I would second the vote for zinsser smart prime. Did 5 or 6 cabinet sets last year and no issues. One was oak and had major tannin bleed with aqua lock. Re-primed with smart prime and no bleed. I also agree with Kevyn about stix, fisheyes on me every time i spray.


----------



## Respec (Sep 13, 2015)

Stix has fish eyed on us too, but after a sand, it is fine. It doesn't block stains at all. Aqualock I use all the time too, but have to say I think its blocking capability is marginal, even when allowed to sit overnight. It has great adhesion, and generally whatever it doesn't hold back could be spot primed with BIN. I like it better than Bullseye 123. I think Bulleye is too watery. The Aqualock has a little more body, so it also helps to fill a little better than Bullseye.


----------



## Damon T (Nov 22, 2008)

We’ve also had a lot of fish eye with Stix. We typically do 2 prime and 2 finish coats on cabinets. Spray doors and drawers in the shop. Do the boxes by hand fine finish roller. Typically the fish eyes disappear once into the finish coats but are planning on trying UMA on next job to see if less fish eye. Have tried multiple prep options to eliminate fish eye and Stix seems to be the common denominator. I think it has better adhesion than smart prime. Not as confident in smart prime going over old lacquer cabs. Also Found the synthetic shellac to gum up too much in sanding.


----------



## finishesbykevyn (Apr 14, 2010)

Damon T said:


> We’ve also had a lot of fish eye with Stix. We typically do 2 prime and 2 finish coats on cabinets. Spray doors and drawers in the shop. Do the boxes by hand fine finish roller. Typically the fish eyes disappear once into the finish coats but are planning on trying UMA on next job to see if less fish eye. Have tried multiple prep options to eliminate fish eye and Stix seems to be the common denominator. I think it has better adhesion than smart prime. Not as confident in smart prime going over old lacquer cabs. Also Found the synthetic shellac to gum up too much in sanding.

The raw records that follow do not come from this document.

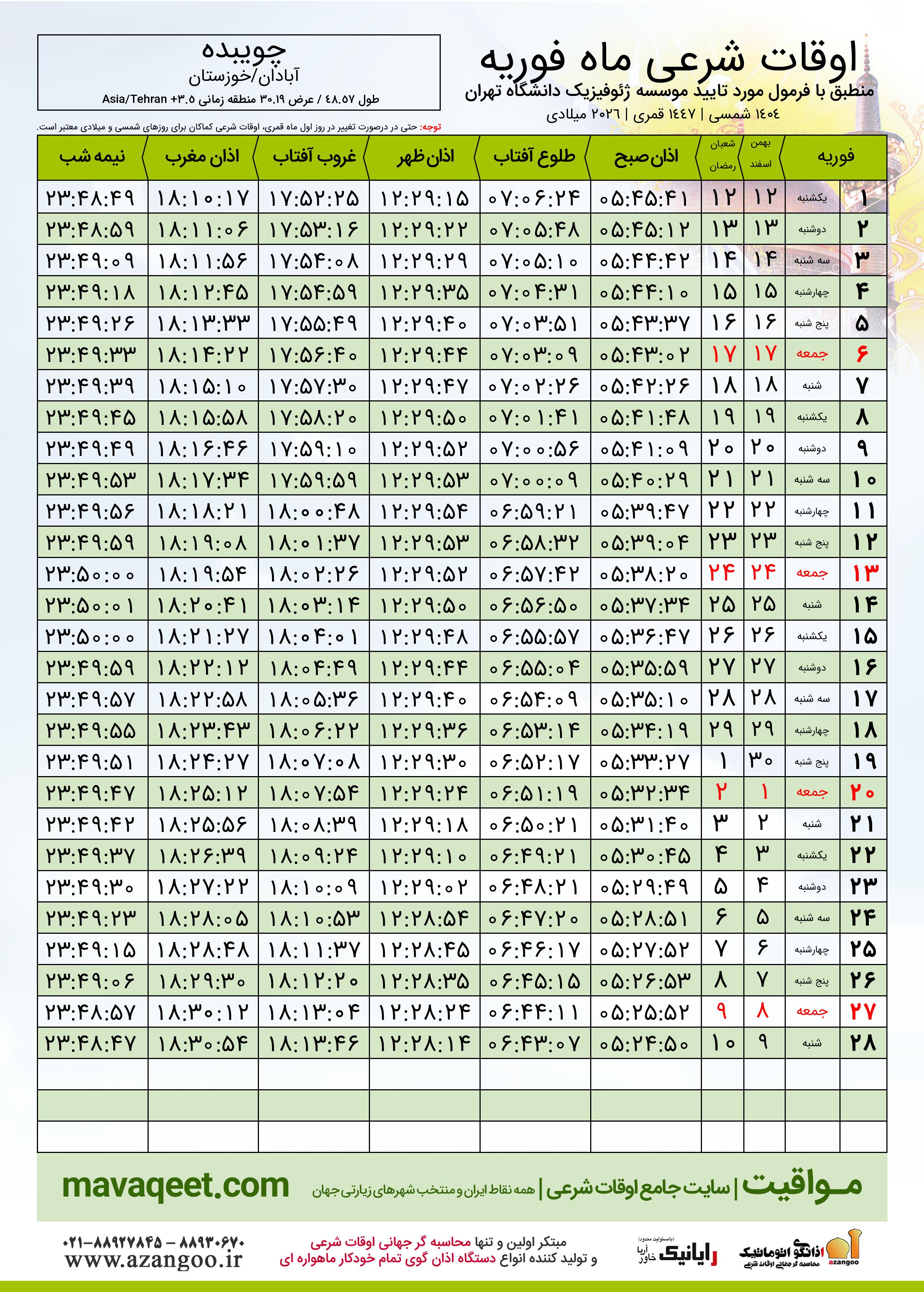 دانلود اوقات شرعی ماه رمضان ٠٤ - ١٤٠٤ شمسی | ٢٠٢٦ میلادی | ١٤٤٧ قمری شهر چویبده
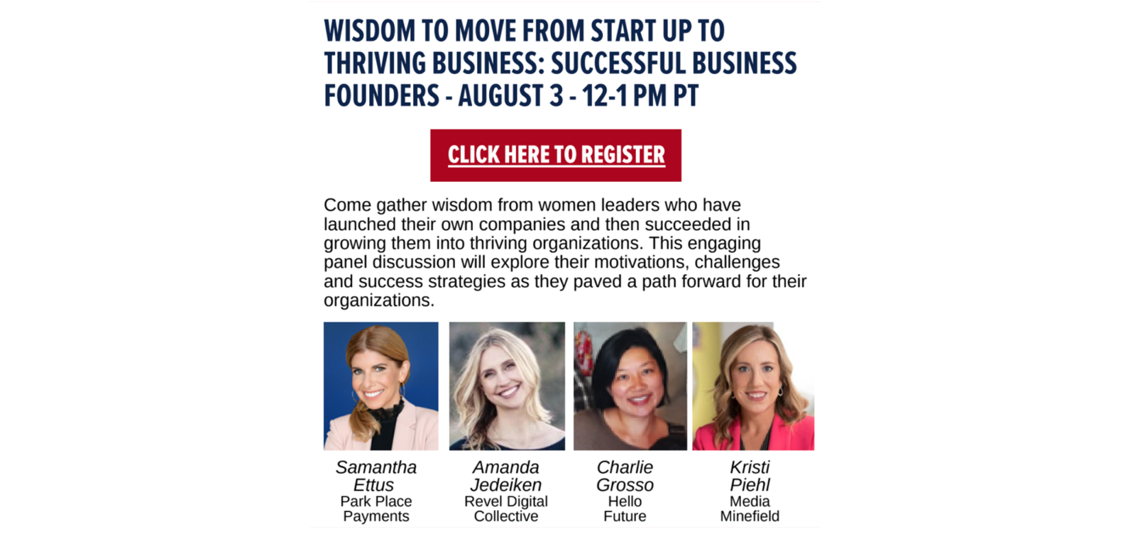 As a highlighted Women’s Leader, she spoke about the transition from a start up to a successful business alongside other female entrepreneurs. Charlie discussed her passion for Hello Future and the ways her past helped shape the vision for its future. The four women discuss obstacles, success, and motivation throughout their careers.
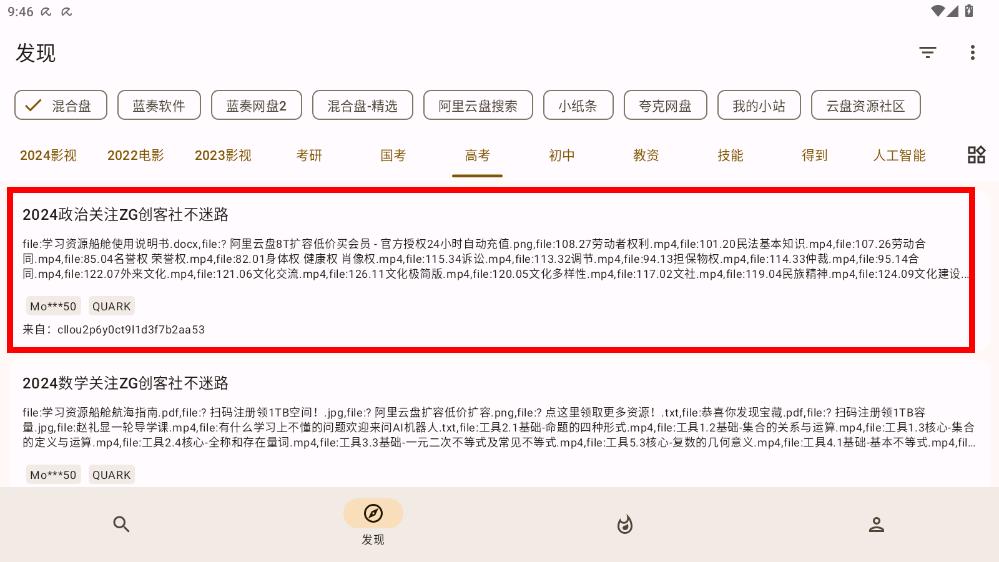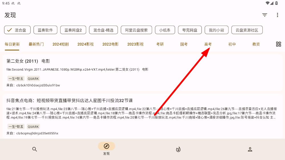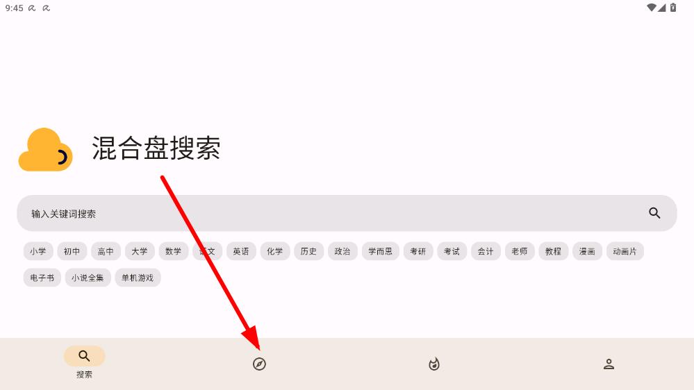1、在混合盘搜索界面,点击底部发现选项进入发现页面。
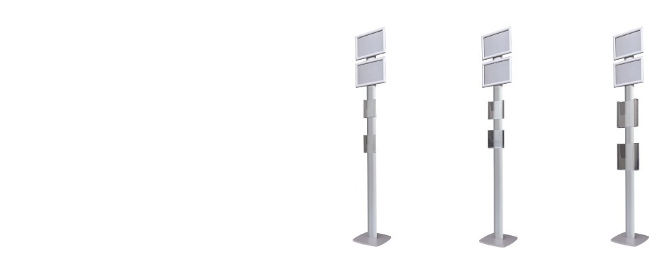 Available in three different configurations, this stand is equipped with horizontal A4 snap frames for quick message updates and horizontal A4 or A5 brochure holders, perfect for displaying printed material. The total height is 190 cm, offering excellent visibility even in busy spaces.
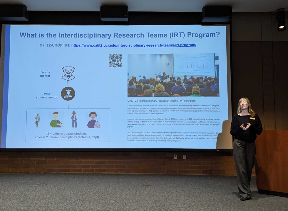 The Calit2 2026 IRT Team includes Sergio Gago-Masagué (Associate Director for Training Programs), Jennifer Garizi (staff lead), and Alise Adams (purchasing). For inquiries, please contact irt@calit2.uci.edu. IRT is generously supported by a workforce development grant from the University of California, Office of the President, and continues to advance Calit2’s mission of innovating, integrating, and igniting ideas.
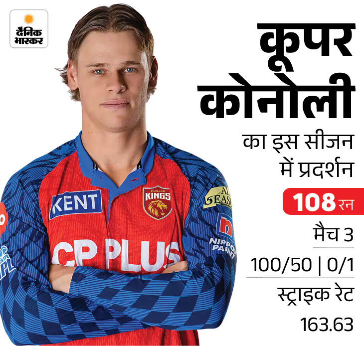 कोनोली पंजाब किंग्स के टॉप स्कोरर कूपर कोनोली फिलहाल पंजाब किंग्स के टॉप स्कोरर हैं। उन्होंने 3 मैचों में 108 रन बनाए हैं, जिसमें एक अर्धशतक शामिल है। अपने IPL डेब्यू मैच में गुजरात टाइटंस के खिलाफ कोनोली ने 44 गेंदों में नाबाद 72 रन की पारी खेली थी। उन्हें प्लेयर ऑफ द मैच चुना गया था।
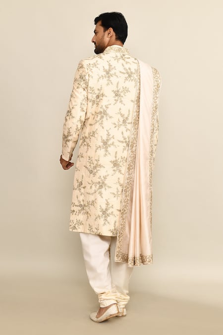 Ivory sherwani featuring all over floral jaal embroidery with sequins and cutdana. Paired with a matching inner kurta, churidar, and a coordinating dupatta.

Was starting to think I was going crazy. And I'm sorry, but sanding out fisheyes is not an option. Those suckers are deep.! I've also tryed spraying Stix with HVLP, but it drys so fast that it blows chunks all over your finish which isn't good either. Although, if you backroll the Stix, it will eliminate the fisheye, but will have a texture. I started spraying BIN from an HVLP setup in the shop only on doors. So controlled, you can put on 1 super even coat.


----------



## Wutari (Nov 15, 2012)

finishesbykevyn said:


> Was starting to think I was going crazy. And I'm sorry, but sanding out fisheyes is not an option. Those suckers are deep.! I've also tryed spraying Stix with HVLP, but it drys so fast that it blows chunks all over your finish which isn't good either. Although, if you backroll the Stix, it will eliminate the fisheye, but will have a texture. I started spraying BIN from an HVLP setup in the shop only on doors. So controlled, you can put on 1 super even coat.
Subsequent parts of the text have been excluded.